Bioactivity of a 29-Kilodalton Insulin-Like Growth Factor Binding Protein-3 Fragment Present in Excess in Chronic Renal Failure Serum

Abstract

Children with chronic renal failure (CRF) have normal or high serum levels of GH, IGF-I, and IGF-II. Despite this, the serum of CRF patients has low IGF bioactivity, which may contribute to CRF growth failure. Recent studies suggest that excess IGF binding proteins (IGFBPs) in the ≈35-kD fractions of CRF serum contribute to this low IGF bioactivity. This report characterizes a 29-kD form of IGFBP-3, IGFBP-3²⁹, which accumulates in the ≈35-kD fractions of CRF serum and peritoneal dialysate.

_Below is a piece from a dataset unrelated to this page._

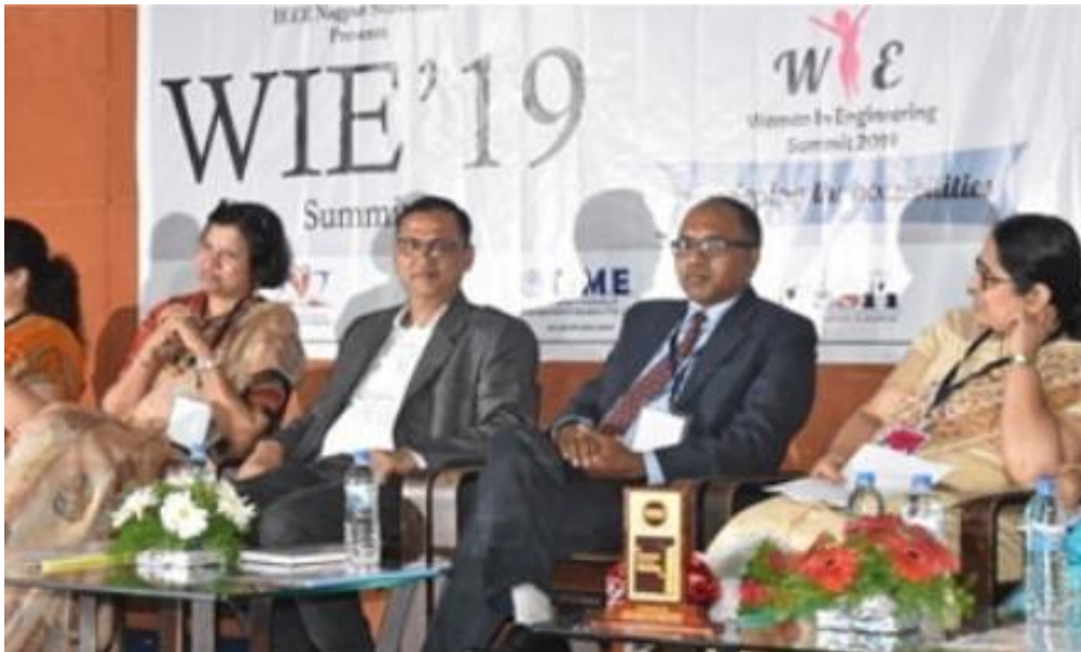
Dignitaries at the Inaugural Ceremony

'Women in Engineering' Summit was organized by J D College of Engineering & Management in association with IEEE in A P J Abdul Kalam Auditorium on 9 th September 2019. The aim of the event was to promote women engineers & recognize their special contribution in the field of Engineering. It was also aimed to create more awareness among the girl students with regard to their career in Engineering Science.

Deglycosylation and[¹²⁵I]IGF ligand blot studies show that IGFBP-3²⁹ is a glycosylated IGFBP-3 fragment with low affinity for IGF peptides. Using an IGFBP-3 antibody column, IGFBP-3²⁹ was purified to homogeneity from the≈35-kD fractions of peritoneal dialysate from children with CRF. Compared with native IGFBP-3, pure IGFBP-3²⁹ has a 4-10-fold lower affinity for IGF-II and a 200-fold lower affinity for IGF-I. Consistent with the binding data, IGFBP-3²⁹ inhibited IGF-II-stimulated thymidine incorporation in chondrosarcoma cells, but was a less potent inhibitor than native IGFBP-3; also, native IGFBP-3 clearly inhibited IGF-I-stimulated thymidine incorporation in chondrosarcoma cells and potentiated IGF-I-stimulated aminoisobutyric acid uptake in bovine fibroblasts, but higher concentrations of IGFBP-3²⁹ had no effect on these IGF-I actions. Thus, the 29-kD IGFBP-3 form that accumulates in CRF serum and extravascular spaces is an IGFBP-3 fragment that may modulate IGF-II, but not IGF-I, effects on target tissues. Whether IGFBP-3²⁹ plays any role in the growth failure of children with CRF remains to be determined.